Alan’s heuristic when to automate: “I’m Bored”

The coding tester

Summary:

  • the role of a coder-tester is not to automate everything
  • testers do not need to have a computer science
  • testers do not need to be able to program
  • programming knowledge does not destroy “a proper tester angle”
  • background similar to customer’s does not make you a customer

GUI shmooey

For 95% of all software applications, directly automating the GUI is a waste of time.

For the record, I typed 99% above first, then chickened out.

Design for GUI automation

Alan’s main points for disliking GUI automation:

  • It’s (typically) fragile — tests tend to break / stop working / work unsuccessfully often
  • It rarely lasts through multiple versions of a project (another aspect of fragility)
  • It’s freakin’ hard to automate UI (and keep track of state, verify, etc.)
  • Available tools are weak to moderate (this is arguable, depending on what you want to do with the tools — I’m particularly pleased, for example, with what good testers are able to do with selenium and web driver).

I love GUI automation that can automatically explore variations of a GUI based task flow.

I like GUI automation is in stress or performance issues.

It’s (probably) a design problem

  • Record & Playback automation is a non-starter
  • Basic verification that would be hit by anyone walking through the basics of the application isn’t worth automation
  • Tests that do exactly the same thing every time are not valuable
  • Always think forward
  • Plan for failure and ensure that all test failures tell you exactly what is wrong
  • Tests should be reliable
  • There is always a better alternative to Sleep statements
  • UI is fragile, its testability should designed

In the middle

Alan’s brainstorming technique: first spend a reasonable amount of time focusing on the extremes — because often, some great ideas for “the middle” comes out of that brainstorming.

Test design for automation

The first step — and most important — is to think how you’re going to test.

From that initial test design effort, you can deduce what aspects of testing could be accomplished more efficiently with automation (and without).

Orchestrating test automation

Designing good tests is one of the hardest tasks in software development.

LOL — UR AUTOMASHUN SUCKZ!

Your tests don’t suck:

  • when you treat their code like a production code
    • core reviews
    • static analysis
    • running with the debugger to ensure they are doing what you think they are
    • trust: if a test fails, it’s a product bug, not a test bug
  • when they execute automatically
  • when failures are handled automatically
    • bugs are entered automatically — including logs, call stacks, screen shots, trace information, and other relevant info
    • when bug is fixed, it’s checked automatically
    • generation of “Test Result Report”

Musings on test design

Some tests can only be run via some sort of test automation.

Some tests can only be done via human interaction.

You can’t effectively think about automated testing separately from human testing.
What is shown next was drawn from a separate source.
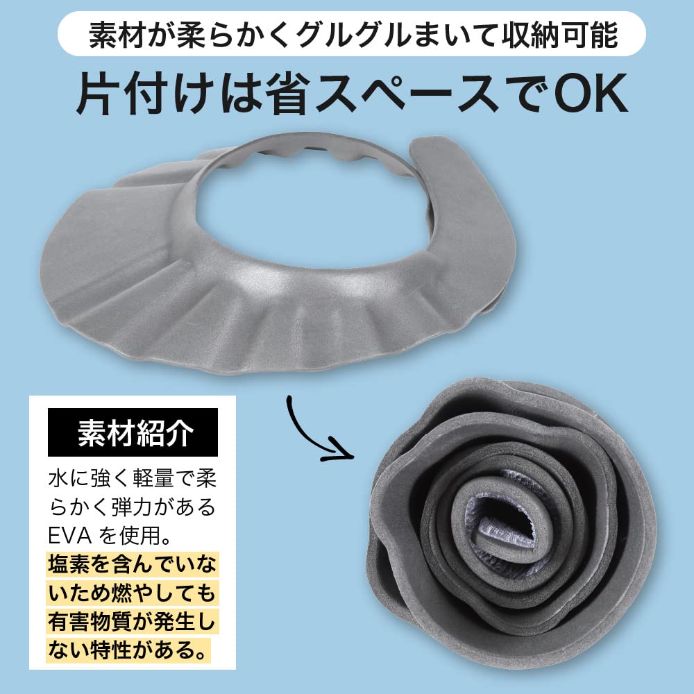 従来のボタン式ではサイズ調整が難しいというお客様の声を反映し、完成させたオリジナル商品です 「HAKATA PRODUCT」 商品企画、在庫管理・検品等を国内で実施している福岡発のブランド 【当ブランドだけのオリジナル仕様】 ボタン式ではサイズ調整が難しいというお客様の声を反映し、当ブランド独自で面ファスナーを採用したシャンプーハット 【全サイズぴったり】 赤ちゃんから大人までこれ1つで全サイズぴったりフィットするシャンプーハット 【柔らか素材・超軽量】 赤ちゃんの肌にも安心、介護の現場でも使用可能 【強力な面ファスナー】 シャワーの水圧に負けない、ズレを防止し、水の侵入を防ぐ仕様 【お風呂場に馴染むグレーを新色採用】 カラーバリエーションは4色展開、トレンドのおしゃれなダークグレーを採用

In my world, there are no such things as automated testing, exploratory testing, manual testing, etc.

There is only testing

Beyond regression tests & testing with code

Useful tests are tests that provide new information.

An automation strategy that only performs regression testing is short-sighted and incomplete.

How to make test useful:

  • model-based testing
  • introducing some randomness
  • data driven testing
  • scaled fault injection
  • fuzzing

More on test design

Test Design ideas are endless.

To be a good test designer (and tester), you need a lot of testing ideas, and you need to know how and when to apply them.